Applied learning is the foundation of Sound School, says principal Steven Pynn, and its students tend to be more action-oriented and better problem-solvers than their peers. “They’re mavericks. They’re courageous. They had to make an active choice to leave their friends and embark on a journey on their own,” he says. The 25-year-old, 320-student campus draws its students from 19 surrounding districts, including urban New Haven, so very few students arrive at Sound School knowing any of their classmates.
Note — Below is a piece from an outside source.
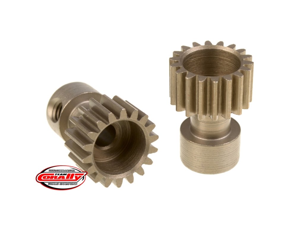 Dlouhé provedení, materiál tvrzená ocel, 18 zubů, modul ozubení 48DP. Pro hřídel motoru o průměru 3.17 mm (1/8 in). Pastorky TEAM CORALLY jsou vyráběny frézováním a následně tvrzeny, čímž je zajištěna vysoká přesnost ozubení. Všechny pastorky TEAM CORALLY jsou vyrobeny v EU.

The school’s dual role as regional vocational-ed center and college-prep high school means that students’ lives take a variety of trajectories after graduation. About 80 percent of graduates go on to higher education, while 20 percent enter marine trades or other vocations. A core element of Sound School’s educational program is the Supervised Occupational Experience—a 200-hour-per-year career-experience plan all students must design and complete under an adviser’s guidance. SOE locations can range from National Marine Fisheries Service laboratories to agricultural settings to elementary schools, depending on students’ interests and objectives. “We have a 98 percent attendance rate at Sound School,” Pynn says. “It’s learning with meaning. That’s central to every aspect of the school.”